Different cell activation states were initially investigated for pro-inflammatory mediator release induced by 2.5 µg/ml Au_CHIT-H. Cells were pre-stimulated with 500 nM PMA 24 h prior to experiments, or left un-stimulated. This was followed by treatment of Au_CHIT-H for 4 and 24 h in the presence or absence of 1 ng/ml Escherichia coli-derived LPS. Treatments of medium only and LPS at 1 ng/ml served as negative controls, while or 100 ng/ml LPS was used as a positive control. Supernatants were assayed for IL-1β by ELISA. PMA priming and LPS co-stimulation were chosen to investigate further pro-inflammatory mediators using all AuNPs described in this study. THP-1 cells were treated with Au_SC at 0.2–3.2 µg/ml and Au_CHIT at 0.2–2.5 µg/ml for 4 and 24 h. Supernatants were assayed for CCL2, IL-1β, TNF-α and IL-6 by ELISA. The same controls were used as described above.

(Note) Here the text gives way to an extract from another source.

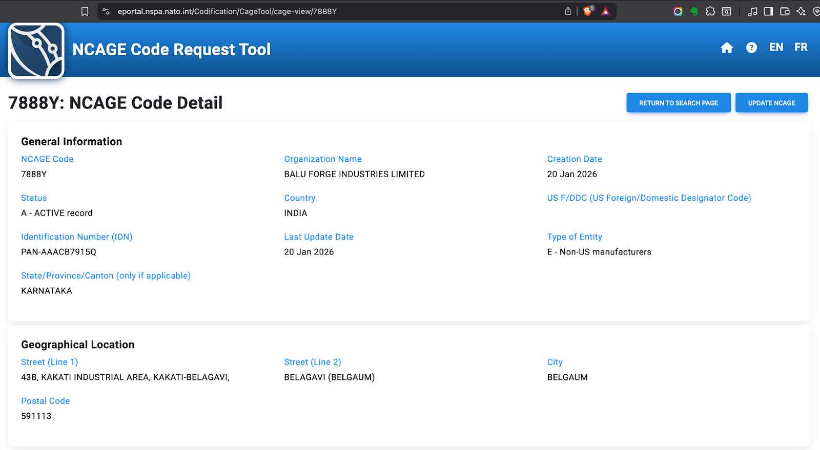 NCAGE code verified at https://eportal.nspa.nato.int/Codification/CageTool/cage-view/7888Y
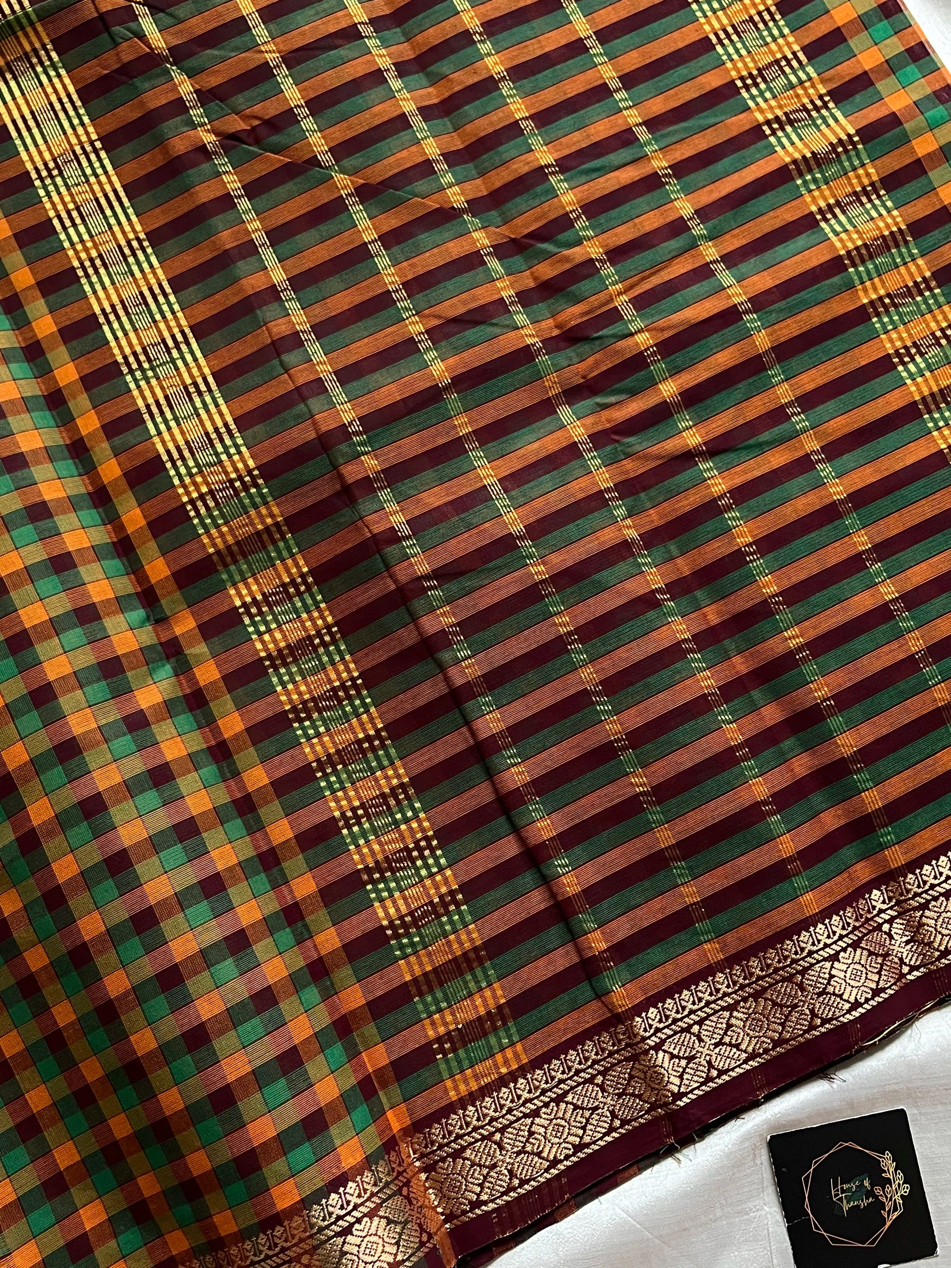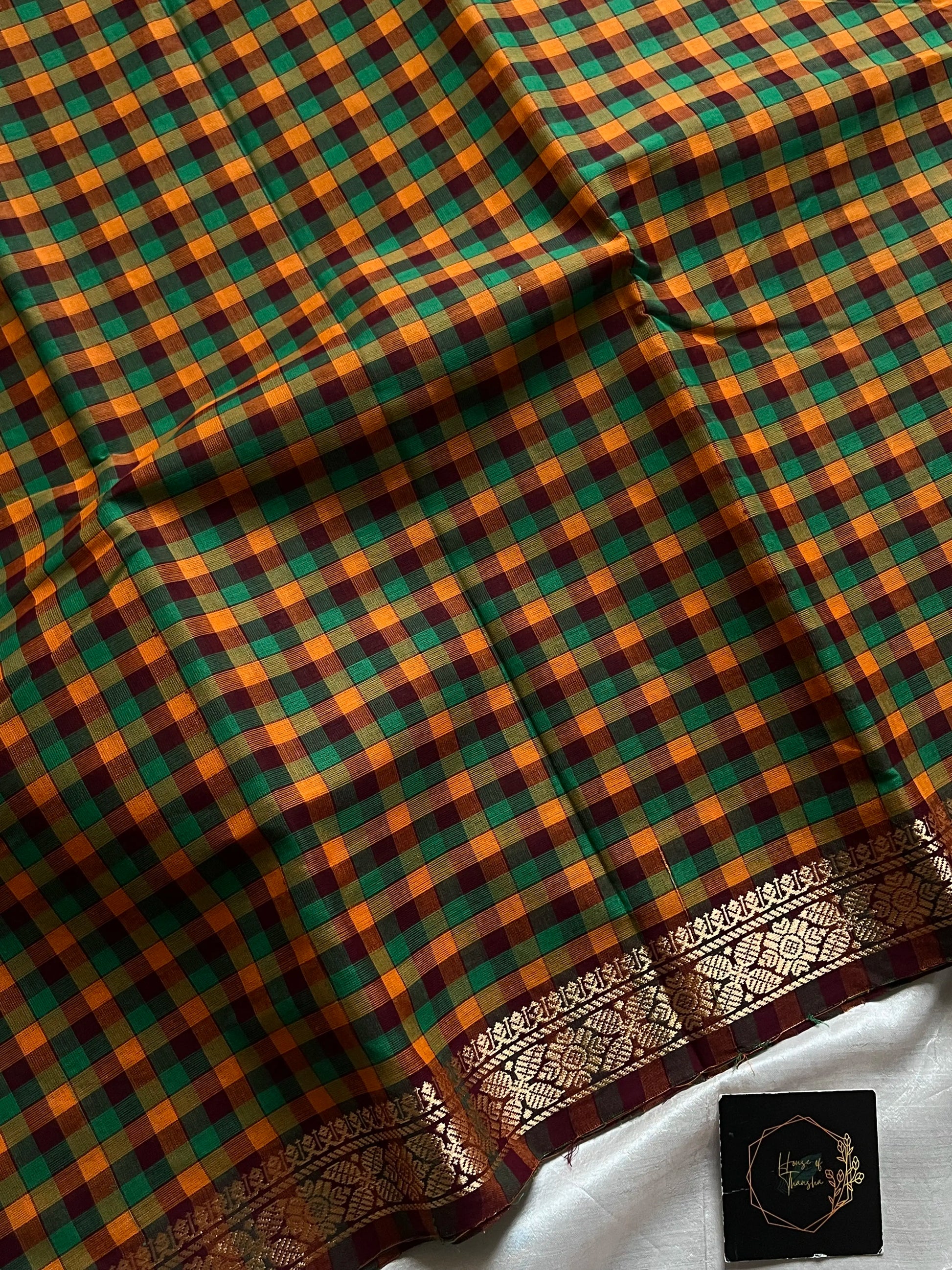 This Chettinadu cotton saree from our Mini Kattam series features fine multicoloured checks woven in soft cotton, finished with a contrasting brown border. Lightweight and breathable, it’s crafted for everyday elegance with the charm of Chettinadu weaving.

The impact of AuNPs on the complex mechanism of IL-1β secretion was further investigated. One h prior to AuNP exposure, PMA pre-stimulated THP-1 cells were incubated with 100 μM of the caspase-1 inhibitor Ac-YVAD-CMK for 1 h in serum-free medium, to inhibit the activation of the NLRP3 inflammasome. Then in medium containing FCS, cells were treated with all AuNPs (Au_SC at 3.2 µg/ml and Au_CHIT at 2.5 µg/ml) for 4 and 24 h in the presence or absence of 1 ng/ml LPS. Supernatants assayed for TNF-α and IL-1β by ELISA. The same controls were used as described above.

Determination of cyto-/chemokine release

ELISA was performed for each protein with an adaption of the manufacturer’s instructions. Briefly, the capture antibody, reconstituted in PBS, was added to wells of a 96 well plate at 0.25 (CCL2), 1 (TNF-α and IL-6) or 4 (IL-1-β) µg/ml, and left at 4 °C overnight. Subsequently, plates were kept at room temperature. Wells were then washed 3 times with wash buffer (0.05 % Tween20 in PBS) before addition of blocking buffer (1 % BSA in PBS) for 1 h. Following another wash step, standards, at 0-1000 (CCL2), 0-2000 (TNF-α and IL-6) or 0-250 (IL-1-β) pg/ml, and samples were added for 2 h, with subsequent wash step. Detection antibody, diluted to 500 (CCL2, TNF-α and IL-6) or 200 (IL-1-β) ng/ml in assay diluent (0.05 % Tween-20 and 0.1 % BSA in PBS), was added for 2 h, and plates were subsequently washed. An avidin-HRP conjugate was added for 30 min. A final wash step was performed, followed by the addition of a TMB substrate. After the reaction was stopped, using 2 M H2SO4, the plates were measured on a plate reader (Infinity 200 Pro, Tecan, Groedig, Austria) at 450 nm with a reference wavelength of 650 nm, and protein concentrations determined with use of protein standard curves.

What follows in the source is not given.